Senate debates

Monday, 21 November 2022

Statements by Senators

Workplace Relations

1:38 pm

Photo of Tony SheldonTony Sheldon (NSW, Australian Labor Party) Share this | | Hansard source

Australian workers have suffered through a decade of declining wages and working conditions, and it is unprecedented. But this plague is not an act of God. It hasn't fallen from the sky; it is a deliberate outcome of antiwages, antiworker and antiunion policies by companies like Qantas and Amazon. If your wages have gone backwards, you can thank Alan Joyce and Jeff Bezos, corporate thugs who have pioneered new ways to game our industrial relations system. If we continue to let Amazon and Qantas drive a race to the bottom then every other employer in Australia will be forced to do the same to survive. Around the world governments and workers are standing up to these corporate guerrillas. Governments from New Zealand to the European Union are moving to back multi-employer bargaining, to give workers a voice and a say over their wages and conditions, to give workers a voice to make sure they can have that say.

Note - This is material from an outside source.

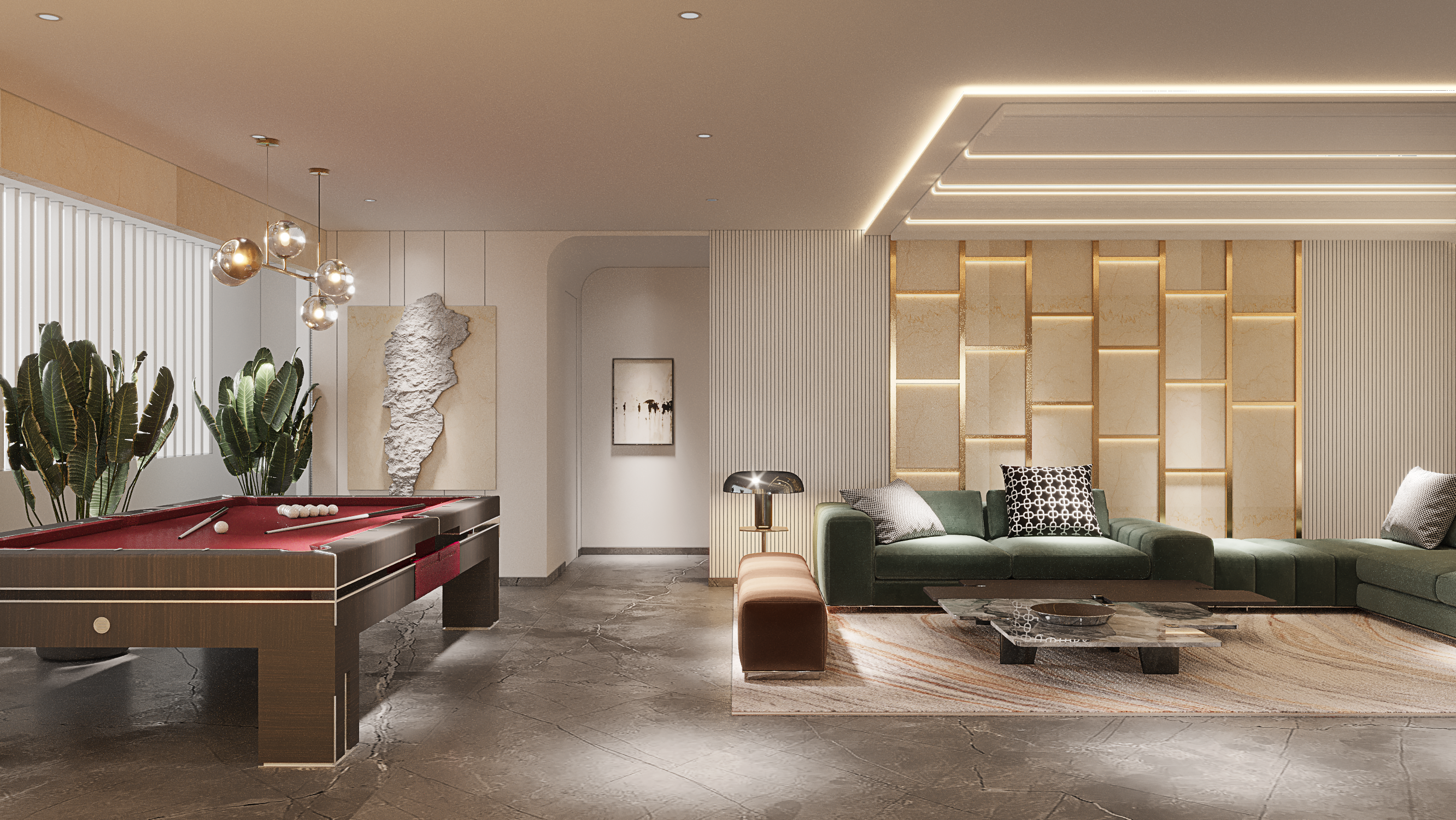 Executive Oasis is a luxurious home office interior design project that seamlessly blends sophistication with functionality. The space features a modern aesthetic with muted colours and gray tones, complemented by wood and black metal accents. Short windows allow artificial lights to create drama in the entire space. This reflects a den and cozy environment conducive to productivity. Ergonomic furniture and biophilic design elements, such as indoor plants, enhance comfort and well-being.

This week, in the lead-up to Black Friday, workers and unions around the world, including the Shop, Distributive and Allied Employees Association and the Transport Workers Union here in Australia, are telling Jeff Bezos that enough is enough: no more starvation wages, no more union-busting, no more worker surveillance, no more tax avoidance and no more workers being forced to urinate in bottles to meet deadlines. We say no more to American Amazon's Flex, with workers being paid below the minimum age. We say no more to the Americanisation of wages and working conditions in Australia. Amazon's 19th-century work practices are not welcome here. It's time to make Amazon pay.